Historia est un magazine fort sérieux destiné à éclairer les revues qui s’intéressent à l’histoire. A notre connaissance il diffuse des messages rigoureux et bienvenus, parce que l’historiographie n’est pas très connue en France : l’histoire de France elle-même a été écrite par des auteurs souvent aveuglés par leur idéologie. Par exemple pour les uns la vraie Révolution Française – donnée en exemple aux étrangers mais aussi aux écoliers, collégiens, lycéens, étudiants français – commence en 1789, pour d’autres en 1973.
Serge Schweitzer est féru d’histoire, et publie des ouvrages et des articles que nous pouvons tenir pour scientifique et apprécier. Il nous indique qu’Edouard Philippe, créateur et tête de liste de Renaissance, a donné une interviex à Historia. Il remonte l’histoire de sa famille jusqu’à son grand’père, docker cégétiste sur le poort du Havre, et dont il est fier. Il explique ensuite comment ses opinions politiques ont évolué, du Parti Socialiste à Renaissance, avec une confidence intéressante :
« Au fil de mes études, au gré des rencontres, des voyages, des lectures, dont celle décisive de La Route de la Servitude (1944) de l’économiste autrichien Friedrich Hayek, qui érige la liberté en fondement de la vie en société, j’ai peu à peu glissé vers la droite. Sans renier mes engagements de jeunesse ni mon arrière-grand-père ».
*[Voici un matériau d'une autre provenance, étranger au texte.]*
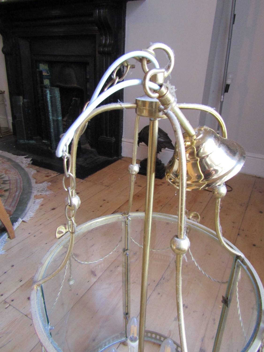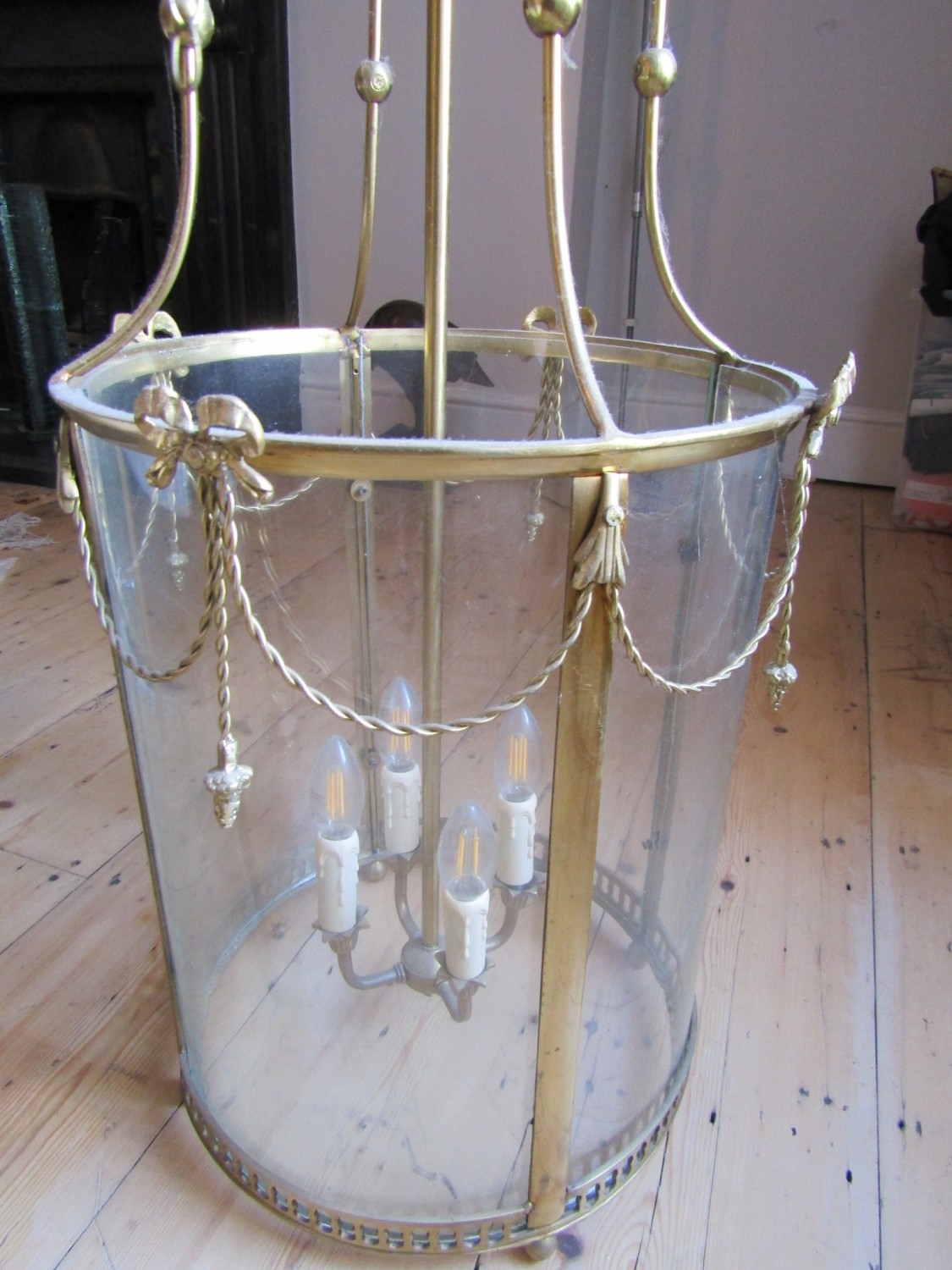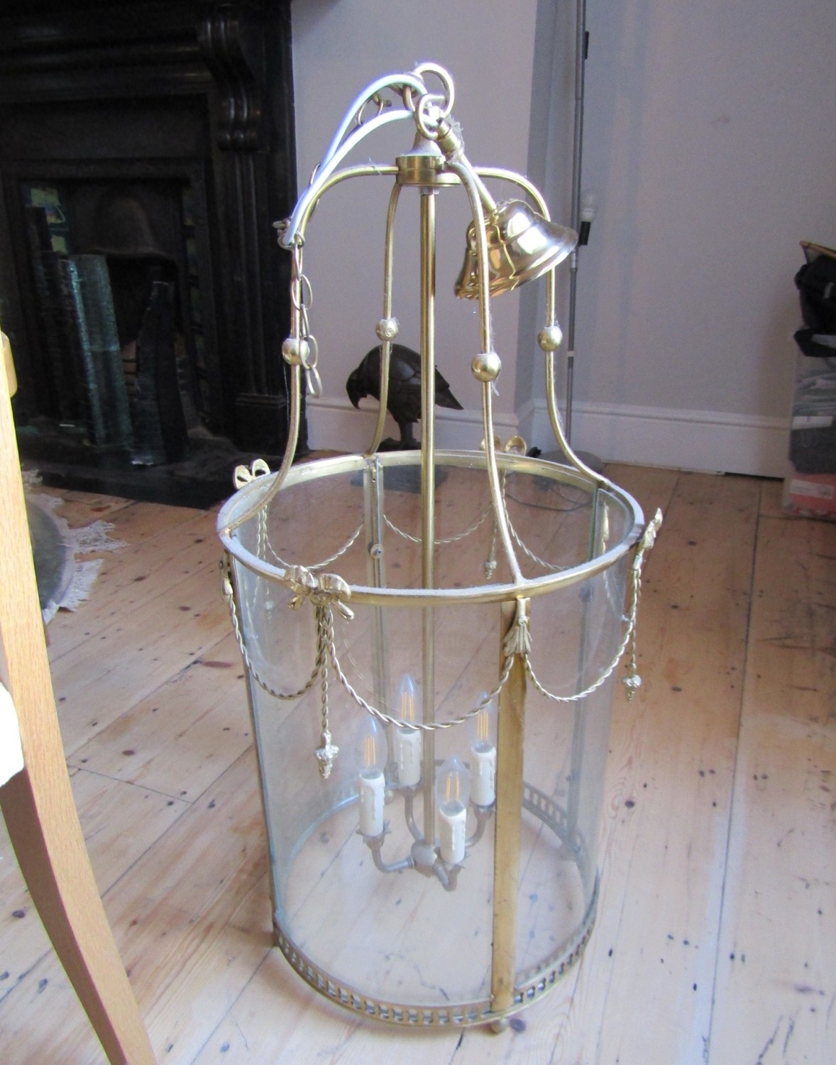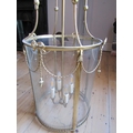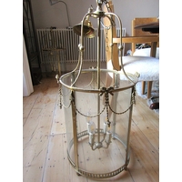Cast Brass Circular Form Ceiling Lantern with Inset Glass Panels Good Original Condition Fittings Present with Ceiling Rose and Hanging Chain Working Order Lantern Approximately 20 Inches High
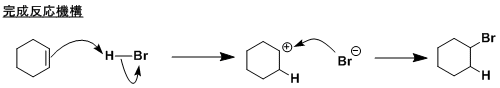 まずは簡単な例で見てみましょう。「シクロヘキセンへの臭化水素酸の付加反応」をとりあげます。この反応はどのような機構で起こっているのでしょうか?電子の矢印で反応機構を書くプロセスを、できるだけ詳細に解説してみます。
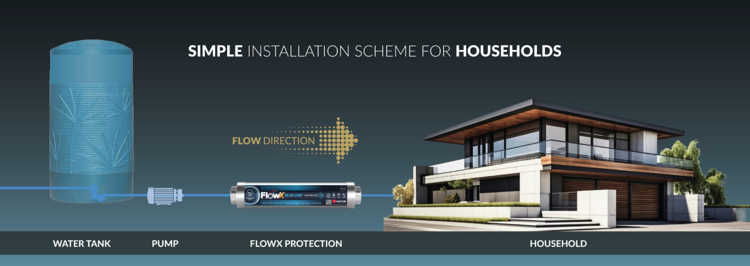 การติดตั้งท่อ FlowX สามารถติดตั้งได้ทั้งแนวตั้ง และ แนวนอน โดยแนะนำให้ติดหลังปั๊มน้ำ
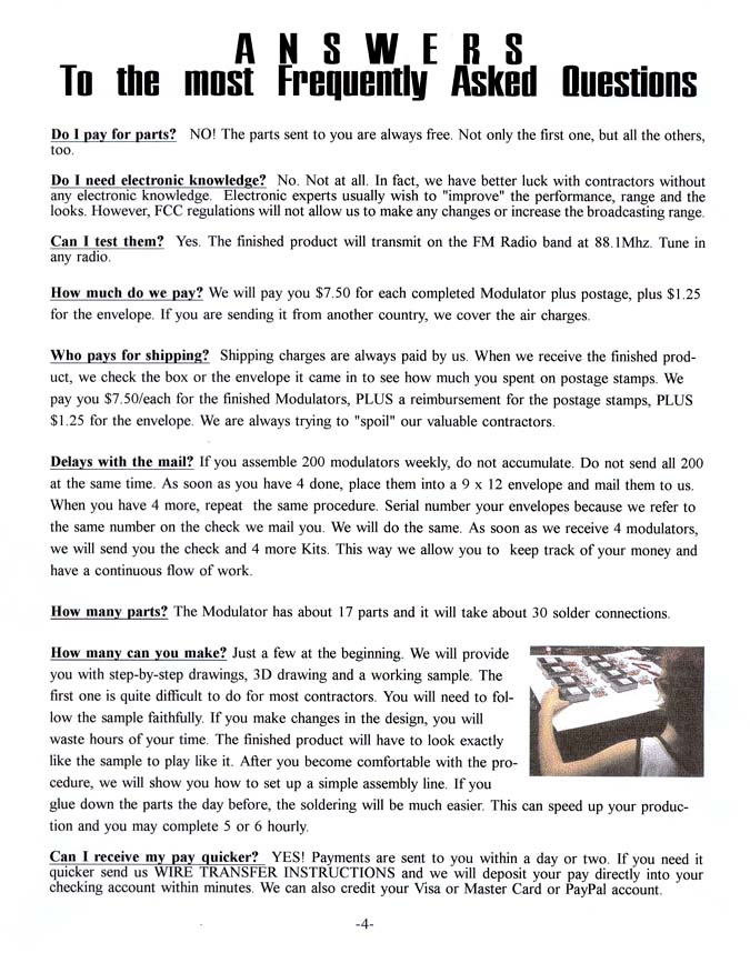 I received the FM Modulator and it works fine. I am excited about this opportunity. You don't know how skeptical I was about just sending off $250. Your product is great and I look forward to being a part of the team. I am sending you the letter you require in Step 3, will be looking forward to receiving my first FM Modulator. Again, thank you for this opportunity and keep up the great work. Obviously I am pleased with your responses and especially the product. Sincerely, John Barry.

Les libéraux ont toujours soutenu que la vie politique française devra tôt ou tard se mettre à l’heure du libéralisme[1], car aucun pays ne peut se dire libre avec des taux records de dépenses publiques (57 %du PIB) de prélèvements obligatoires (48%) de dette publique (130%), et encore moins avec le contrôle de l’information, de l’éducation, de la vie privée. Edouad Philippe a doublement raison : nous sommes sur la voie de la servitude, et il faut une rupture avec le despotisme et le populisme.
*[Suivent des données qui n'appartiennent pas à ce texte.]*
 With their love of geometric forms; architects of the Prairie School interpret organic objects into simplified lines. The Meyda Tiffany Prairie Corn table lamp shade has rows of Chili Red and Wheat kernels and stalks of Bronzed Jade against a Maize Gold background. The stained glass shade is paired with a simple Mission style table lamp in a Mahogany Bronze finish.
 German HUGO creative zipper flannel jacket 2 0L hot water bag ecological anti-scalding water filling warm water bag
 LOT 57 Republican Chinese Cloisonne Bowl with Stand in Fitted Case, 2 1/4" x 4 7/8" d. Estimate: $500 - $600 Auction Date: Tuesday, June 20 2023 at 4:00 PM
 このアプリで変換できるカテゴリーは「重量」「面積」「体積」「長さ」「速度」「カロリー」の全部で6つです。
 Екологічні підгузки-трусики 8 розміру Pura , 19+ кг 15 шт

Nous devons cependant lui reprocher une erreur et formuler un doute. L’erreur est grave : il affirme que Hayek l’a fait « glisser vers la droite ». Mais quelle droite : Giscard, Chirac, Balladur, Sarkozy, Macron, Rachida Dati ? Les libéraux ont fait le constat : la droite française n’a fait que du socialisme ou de la sociale-démocratie depuis 1944. Alors peut naître un doute : ne revêt-il pas les habits de la droite pour capter les suffrages d’électeurs tentés par un vote Le Pen (vote de rejet de Macron et de la gauche qui le soutient – de Bone à Séjourné- ou plus simplement des abstentionnistes qui n’ont pas encore identifié un candidat, qui en 2027 proposerait une offre politique de totale rupture, revenant à l’Etat minimal, à la libre entreprise, au libre échange et à la privatisation d’un secteur public inefficace et ruineux alors qu’il concerne des domaines décisifs comme l’éducation, la santé, le logement, les transports, la culture, etc. Mais ce doute est peut-être inspiré par le pessimisme ou notre mauvaise foi. On verra Renaissance et Edouard Philippe à l’œuvre.
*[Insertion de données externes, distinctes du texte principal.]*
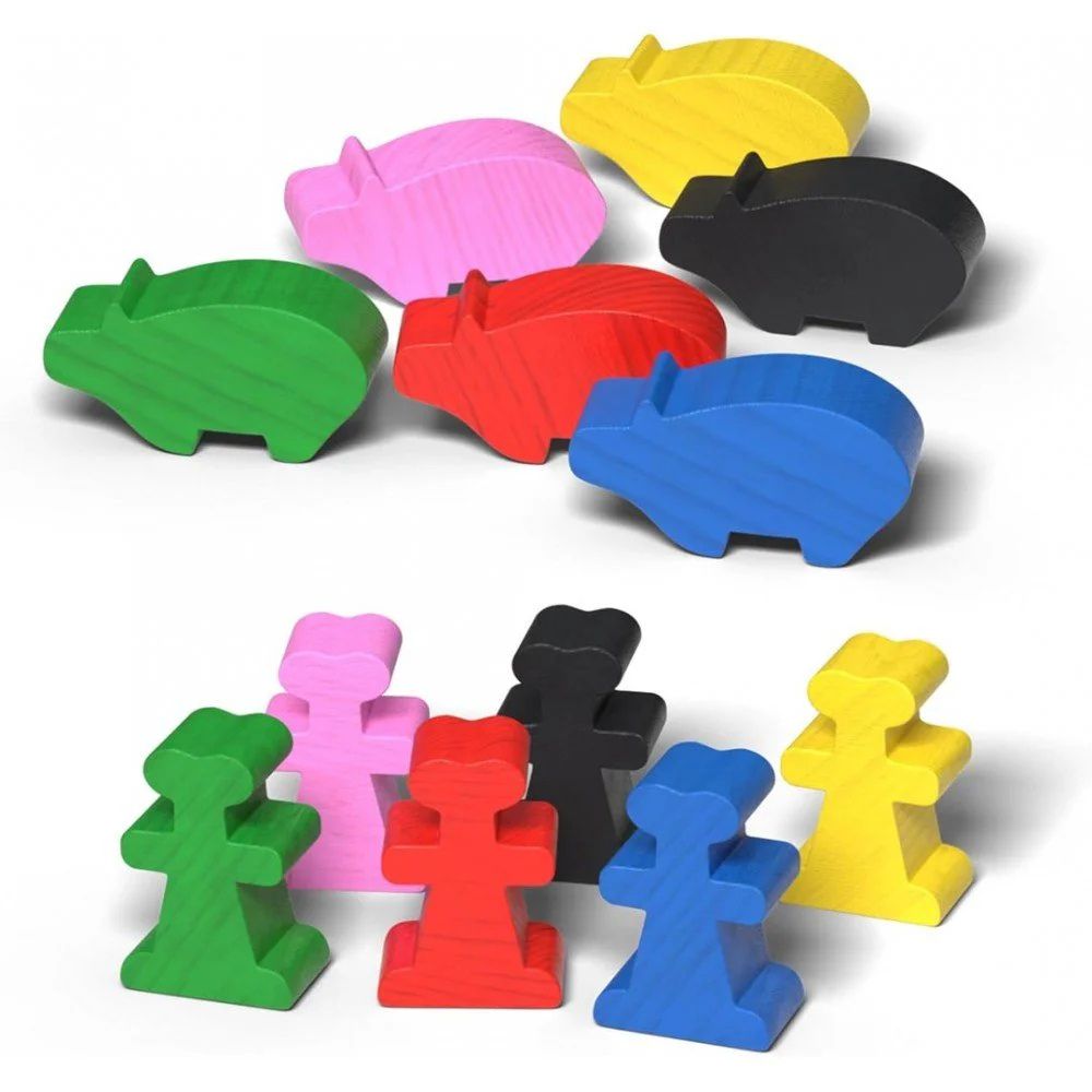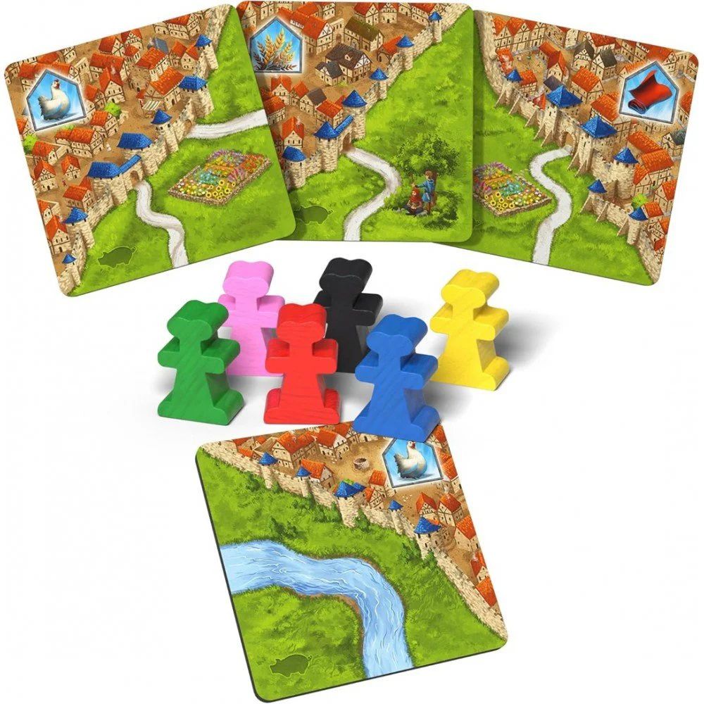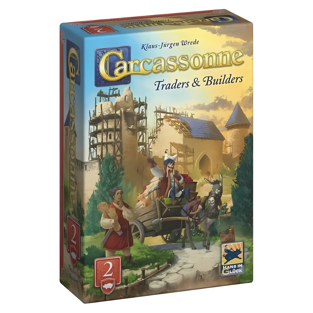 In this expansion for Carcassonne, traders and builders arrive in the cities. Collect goods and send your pig to the fields for extra points. The builder speeds up the construction of your roads and cities. Included in the expansion are 24 new land tiles, 6 builders, 6 pigs and 20 goods tokens.
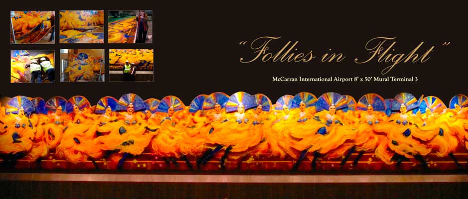 Terry has emerged as the most sought after artist of the Las Vegas entertainment world. Her 50 foot mural at the McCarran Airport International Terminal “Follies in Flight” welcomes visitors from all over the world and to see her work is to be transported to the excitement of the Las Vegas stage!
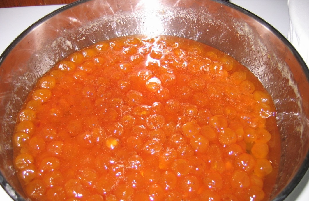 Покрийте съда с влажна чиста хавлиена кърпа и оставете за една нощ. Тази стъпка е важна, защото позволява на черешите да пият сока.
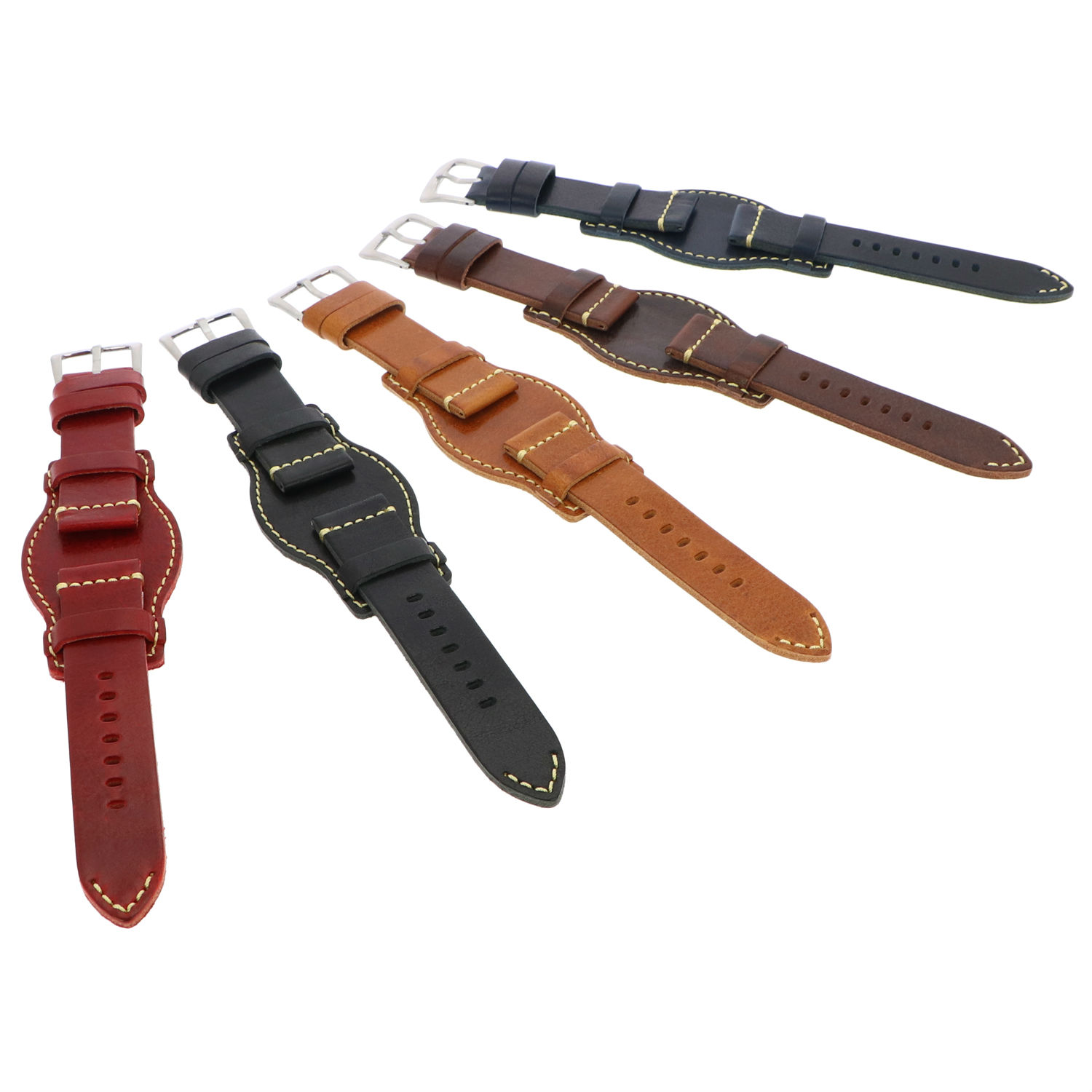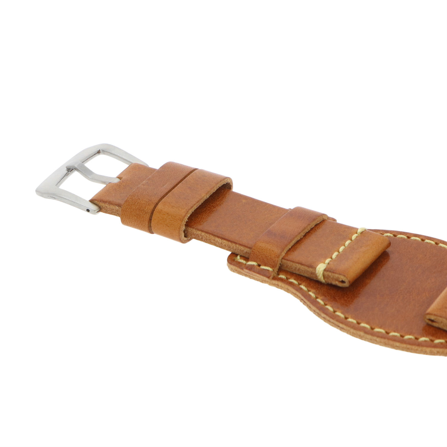 Watch straps in cut edge, flat style in simple beige stitching with underlay, good as pilot straps and aviator watch bands

[1] Cela a failli se faire avec Giscard (1974) Chirac (1986 et 1995) et Fillon (2017) mais chaque fois les « hommes providentiels ont trahi l’électorat libéral (sauf Fillon liquidé par une justice expéditive). Georges Pompidou avait aussi déclaré « Il faut cesser d’emmerder les Français », critiquant le dirigisme, ennemi naturel du libéralisme.